According to recent tracking, the company's overall performance was under pressure in the second half of 2025. On the revenue side, growth for the core IF brand slowed compared to the first half but remained relatively rapid. The Innococo brand experienced a significant year-on-year decline in H2, as shipments were interrupted from June due to internal management issues at a major channel partner, only recovering somewhat in December. Regarding gross margin, continued appreciation of the Thai Baht against the US dollar negatively impacted profitability, with H2 gross margin expected to be similar to H1 but down year-on-year. On the expense side, profits were affected by costs associated with signing a new brand ambassador and increased promotional spending following the company's listing.
For 2026, the company's revenue is expected to re-enter a phase of accelerated growth. The core IF brand benefits from strong consumer recognition and its first-mover advantage, positioning it for rapid growth during the industry's expansion. Furthermore, the major channel partner for Innococo has resumed supplies, and the company is actively seeking channel expansion, having signed agreements with partners like COFCO's Famous Chateau Collection and Watsons to accelerate the penetration and distribution of Innococo products. On the profit front, coconut pulp costs are forecasted to be stable or slightly lower in 2026, which should improve gross margins. Simultaneously, a reduction in one-time listing advisory and consulting fees is expected to drive a recovery in profit margins.
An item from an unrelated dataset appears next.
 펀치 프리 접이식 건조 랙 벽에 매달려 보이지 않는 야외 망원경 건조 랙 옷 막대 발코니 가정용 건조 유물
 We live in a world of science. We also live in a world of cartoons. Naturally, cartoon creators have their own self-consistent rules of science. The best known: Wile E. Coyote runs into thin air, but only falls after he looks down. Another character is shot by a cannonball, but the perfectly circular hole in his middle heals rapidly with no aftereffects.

Additionally, the effective tax rate, which increased in 2025 mainly due to non-deductible listing expenses, is projected to normalize in 2026.
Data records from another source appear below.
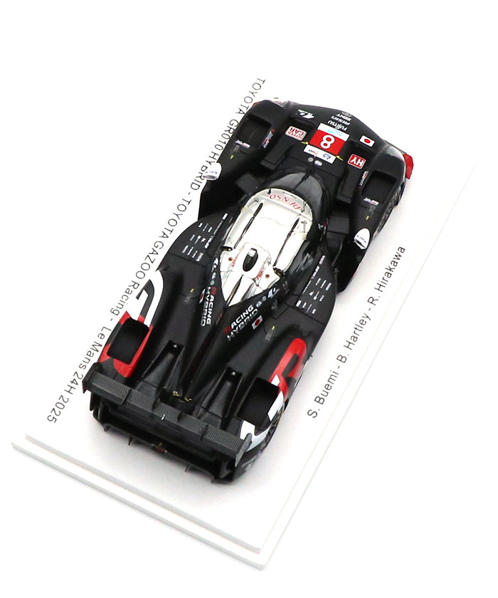 トヨタGAZOO RACINGが誇るハイパーカー、GR010 ハイブリッドのNo.8を再現したモデル。セバスチャン・ブエミ、ブレンドン・ハートレー、平川亮の3名がドライブした、2025年ル・マン24時間レース仕様です。
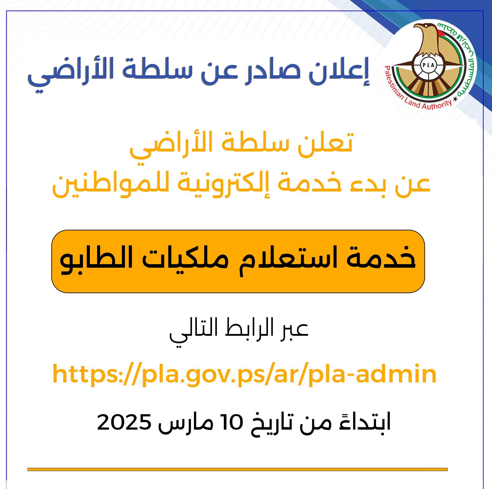 أعلنت سلطة الأراضي الفلسطينية عن إطلاق خدمة إلكترونية جديدة تتيح للمواطنين رابط الاستعلام عن ملكيات الطابو بشكل سريع وسهل، وذلك في إطار جهودها لتحسين الخدمات المقدمة وتسهيل الإجراءات على المواطنين.
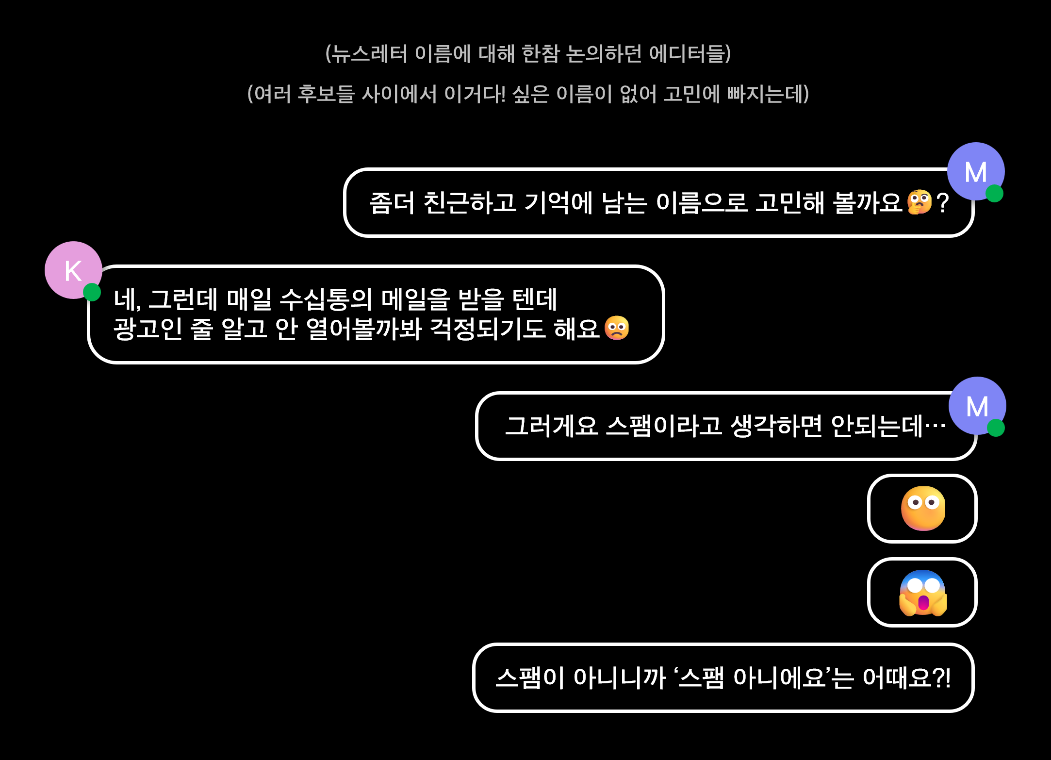 여기까지 <스팸 아니에요>의 지난 1년을 돌아보았습니다. 저도 지난 레터들을 다시 보면서 ‘이렇게 다양한 이야기를 만들었구나!’ 생각하는 동시에 ‘다음 달 주제는 뭘로 하지’ 벌써부터 무게감이 느껴지는데요(ㅎㅎ) 뉴스레터 오픈율 100%를 기록하는 그날까지, 사우 여러분과 소통하며 더 알찬 내용으로 달려보겠습니다, 앞으로도 많은 관심 부탁드려요!

The industry is currently experiencing rapid growth but lacks sufficient regulation, leading to heightened competition. The company is actively strengthening brand education, increasing marketing efforts on platforms like Xiaohongshu to enhance consumer awareness of its products' 100% natural attributes. It is also proactively promoting the establishment of domestic industry standards; successful implementation could squeeze out low-quality small brands and further increase industry concentration. Concurrently, the company is actively developing the domestic market, having established a China office in Shanghai with a dedicated team responsible for merchant recruitment, market maintenance, and channel expansion, with plans to continue broadening its domestic channels. The company currently collaborates with seven OEMs, including General Beverage, and is considering future partnerships with domestic factories to optimize its supply chain.
Risk factors include demand falling short of expectations, intensified industry competition, rising raw material costs, and slower-than-expected new product promotion and channel expansion.